Alex Reid

Like much else in my perspective on things, my view of someone can tend to be shaped by how my memory constructs them from the days of the blanket protest. It might not always lead to an accurate assessment that can be objectively stood up. Alec McCrory once told me I was a worse judge of character than even him! Whatever the merits of that I doubt if I called it wrong in respect of Alex Reid who died this year.

Frequently he would say mass in the H-Block canteens during the protest. We, believers and atheists alike, would cram in to the bland concrete rectangle: a heaving mass of unclean flesh, the product of having gone for years without washing, other than the occasional violent forced bath. The noise was incredible. Sitting in the cell waiting our turn to be unlocked for the event, we could hear the din. With each set of two men entering the canteen the decibel level would steadily move upwards.
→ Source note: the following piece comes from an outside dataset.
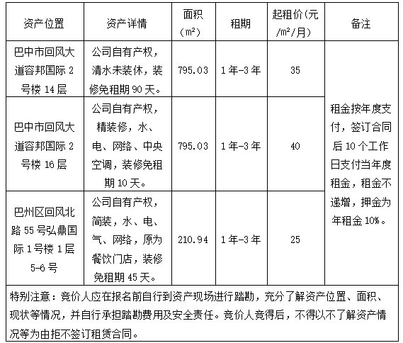 根據(jù)國有資產(chǎn)管理相關(guān)規(guī)定,巴中自然資源投資集團(tuán)有限公司決定對相關(guān)資產(chǎn)進(jìn)行公開招租。現(xiàn)將有關(guān)事項公告如下:

Everybody wanted to talk at the same time. Like a murmur at first, from those already there, it would increase in tempo to the point where it was indistinguishable from a roar. It sounded like a mob on the move ready to overrun our cell.

How priests ever managed to hear what was being told to them during confessions in the midst of that cacophony I do not know. The undoubted odour which we had long since ceased to notice must have stayed in the nostrils of the priest for the rest of that day, taking much of the pleasure away from that afternoon’s Sunday roast.

Into that mass of men clad only in prison trousers, Alex Reid stepped to deliver smuggled tobacco before performing his clerical duties. On leaving he would be well stocked with Clingfilm sealed letters for relatives.

In his other life as a political mediator he became susceptible to believing (or at least claiming to believe) whatever Gerry Adams told him. I can see the funny side of it: Alex persuading himself that he was the sole witness to a miracle every time he met the Sinn Fein leader: Adams telling the truth! Outside of a miracle how else do we explain it?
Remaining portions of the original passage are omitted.